いちまいの くろいかみを びりびり やぶいていたら へんなどうぶつが うまれました。びりびりという なまえを つけてあげたら ひとりで あるきだしました。

 次の見開き2ページは、左が切り取られた黒いページ、右に四つ足で丸まるとした黒い「びりびり」が描かれています。まさにハサミで切り抜いたかのよう。スリリングな導入です。

 歩き出した「びりびり」は何でも食べてしまい、そのつど、食べられたものを取り返すために2つに破られます。破られた「びりびり」は半分の大きさになってそれぞれまた動きだし、1匹が2匹、2匹が4匹、4匹が8匹、8匹が16匹とどんどん増えていきます。

 これが一応のストーリーですが、この絵本のばあい、ストーリーはあってないようなもの。

 おもしろいのは、「びりびり」と手で破っているかのように描かれているところ。破れ目もぎざぎざです。もしかすると、本当に黒い紙を破って描かれている(?)のかもしれません。

 大きさが半分になって数が増えていくところは、破るというアクションがそのまま画面に定着しているような楽しい雰囲気です。本文はすべてモノクロですが、地味ということはまったくなく、躍動感に満ちています。絵本を見ている(読んでいる)私たちも、まるでじっさいに手を動かして「びりびり」「びりびり」黒い紙を破っているかのような気分になってきます。

 「びりびり」は小さな目といい半開きの口といい、表情があるようでないような、どちらかというと不気味です。しかし、破られて数が倍々に増えていき、みな右の方を向いてトコトコ歩いていくのも、なんだか楽しげです。

 また、この絵本の躍動感は文にも表されていると思いました。というか、絵と文が一体になってリズムを刻んでいます。文はたとえば次のような感じ。

ぼくの時計を パクパク食べた
それはビリビリ それはビリビリ
だいじな時計を とりかえせ
こらビリビリ そらビリビリ

 この調子がずっと繰り返され、とてもリズミカル。読み聞かせのときも、拍子をつけてまるで歌うかのようになります。「ビリビリ」という繰り返される言葉の響き、声に出すときの唇と口の動きもなんとなく心地よいです。

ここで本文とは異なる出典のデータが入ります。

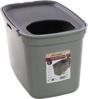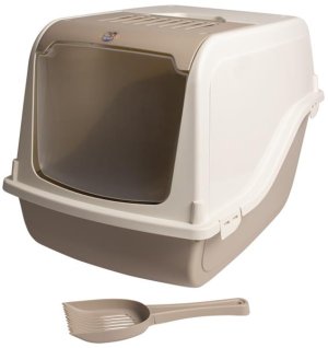 Uzavreté, priestranné wc pre mačky s horným prielezom z kvalitného odolného plastu.

 この絵と文の一体感、変な話ですが、身体を動かしたくなってきます。みんなでいっしょに紙を「ビリビリ」破りながら歌って踊れそうなくらいです。

 よく見ると、表紙のタイトルと本文の最初のページでは「びりびり」と平仮名になっていますが、それ以外はすべて「ビリビリ」とカタカナ表記。

 「びりびり」が動き出す、「びりびり」と破る、「びりびり」と声を出す、「びりびり」と踊る(笑)、そんなリズムとアクションには「ビリビリ」のカタカタ表記がしっくりくるように感じました。

 ところで、奥付には、この絵本の来歴が説明されています。

本書「びりびり」は、1964年、東君平24歳のときの絵本で至光社より上梓されたものを、原書をできるだけ生かして再構成したものである。

 24歳のときの絵本! すごいですね。著者紹介によると、東さんは16歳で家を出て、22歳で『漫画讀本』でデビュー。翌年渡米し、6ヶ月のニューヨーク生活を経て、帰国後、絵本や童話などの創作活動を開始。1986年に46歳の若さで亡くなられたとのこと。24歳のときということは、ニューヨークから帰ってきてすぐに描かれた絵本ということでしょうか。

 東さんの他の絵本もぜひまた見てみようと思います。